PROBLEM
From the line holding "พล.อ. อรุณ สมตน ลำดับที่ ๒๑๘" through the line holding "Atelier de tricotage d'un I" below, write out every line exactly; include both of those lines and drop the pictures.

MATERIAL SHOWN
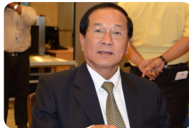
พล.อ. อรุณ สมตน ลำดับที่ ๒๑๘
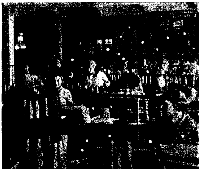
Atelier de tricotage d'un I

---

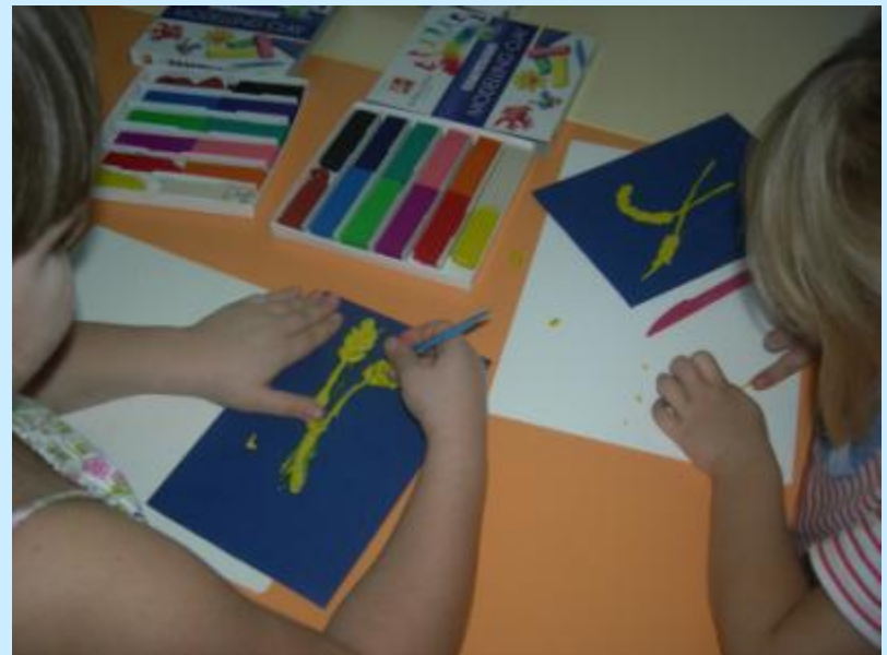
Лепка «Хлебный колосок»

==

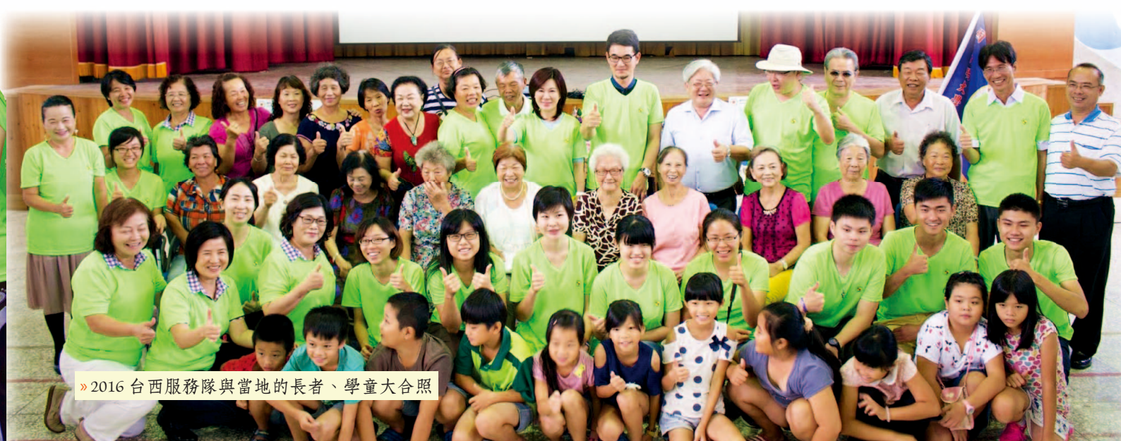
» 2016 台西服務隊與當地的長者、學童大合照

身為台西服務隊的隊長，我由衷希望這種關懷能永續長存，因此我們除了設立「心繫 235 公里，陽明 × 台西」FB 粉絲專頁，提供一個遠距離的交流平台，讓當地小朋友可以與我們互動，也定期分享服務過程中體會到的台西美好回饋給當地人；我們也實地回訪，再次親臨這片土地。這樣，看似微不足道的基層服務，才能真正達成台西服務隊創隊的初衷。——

COMPLETED EXERCISE
พล.อ. อรุณ สมตน ลำดับที่ ๒๑๘
Atelier de tricotage d'un I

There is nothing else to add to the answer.